It’s Blogging Against Disablism Day 2010, and I would highly recommend checking in at Diary of a Goldfish to see other posts on the theme!
A question that I get from a lot of nondisabled folks as they are starting to explore ableism and interacting with people with disabilities is ‘I really can’t stand it when someone appears to be in need of help, and I want to offer assistance, but I don’t know how. Can you tell me how to politely ask someone if help is needed or wanted?’ The desire to offer assistance is a natural one, but it often expresses in really offensive and sometimes dangerous ways (‘here, let me push your chair for you!’) so this is a question I don’t mind answering!
And I’m going to start my answer with an anecdote from my own life which I think illustrates a reasonably good example of how such interactions can go:
I was in line at the grocery store, and I noticed a wheelchair user behind me with a basket. I quickly observed that his chair was low and the conveyer belt was high, and it might be difficult for him to get his groceries up onto the belt, so I said:
‘Would you like assistance with that?’
And he said:
‘No, thanks, I kind of just shove the basket up there and let the checker deal with it.’
And I said:
And then we had a conversation about fruit.
Note that this interaction had several characteristics. I observed something which I thought might be an issue and offered assistance. I did not yank this gentleman’s basket out of his hands. I didn’t shout at him or talk very slowly as though I was afraid he wouldn’t understand me. I looked at his face, not his chair, while we were talking.
And when he said ‘no, thanks,’ I didn’t force the issue. I gracefully acknowledged his equally graceful decline of my offer, and we went on with our days. In other words, we had an interaction where we both treated each other like human beings, equally deserving of courtesy, respect, and autonomy.
When you want to offer assistance to someone, offer politely, and don’t swoop in as though you are assuming that your offer has already been accepted. Never touch a person’s body, service animal, or assistive device without permission. If that person says ‘no, thank you,’ say ‘ok.’ If that person says ‘yes, please,’ pay attention when that person explains how you can be of the most help.

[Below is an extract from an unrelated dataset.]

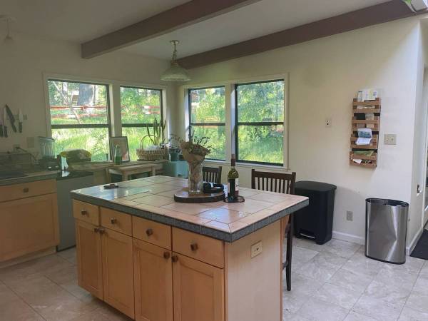 The house has laundry, dishwasher, plenty of parking, big deck out front, and two very small decks in back. The woodfire stove is my personal favorite aspect of the house, and we have it burning all winter! The last three pictures are pictures of the room for rent. There are 2.5 bathrooms in the house, one is in the master bedroom, and the other 1.5 are shared between the other rooms.

Over at Jesse the K’s place, a great conversation took place recently in which we talked about the language people use when offering assistance, and what a difference it makes:
When someone says “Can I help you with that?” my negative response can be interpreted as “you’re not capable of helping me” (which many folks would perceive as rude). To me, that question is more about the asker’s need to help than my requirements for assistance. When someone says “would you like a hand with that?” saying “no” focuses on me, not the asker. (Jesse the K)
When framing offers of assistance, it is tremendously beneficial to phrase them in a way which centers the person who appears to need help, rather than the person offering it. Saying ‘Do you need assistance?’ or ‘Do you need a hand with that?’ sounds very different from ‘Can I help you?’ In addition to watching your literal language, it helps to watch your body language and tone; are you using a sing songy voice? Are you talking any differently from the way you would talk to anyone else? Are you staring at a physical impairment or assistive device while you talk?
The brief version of the answer to the question of ‘how can I offer help without being intrusive or offensive?’ is:
- Address the person, not the impairment, using language which centers that person.
- If the answer is ‘yes, please,’ pay attention so that you know how to help.
- If the answer is ‘no, thank you,’ say ‘ok,’ or something along those lines.
In respect for the spirit of Blogging Against Disablism Day, particularly the language amnesty, this is designated as a 101 thread. This means that you should feel comfortable asking questions and that no one will give you a hard time about the language you choose to use (as always, I do not police language used for self-identification).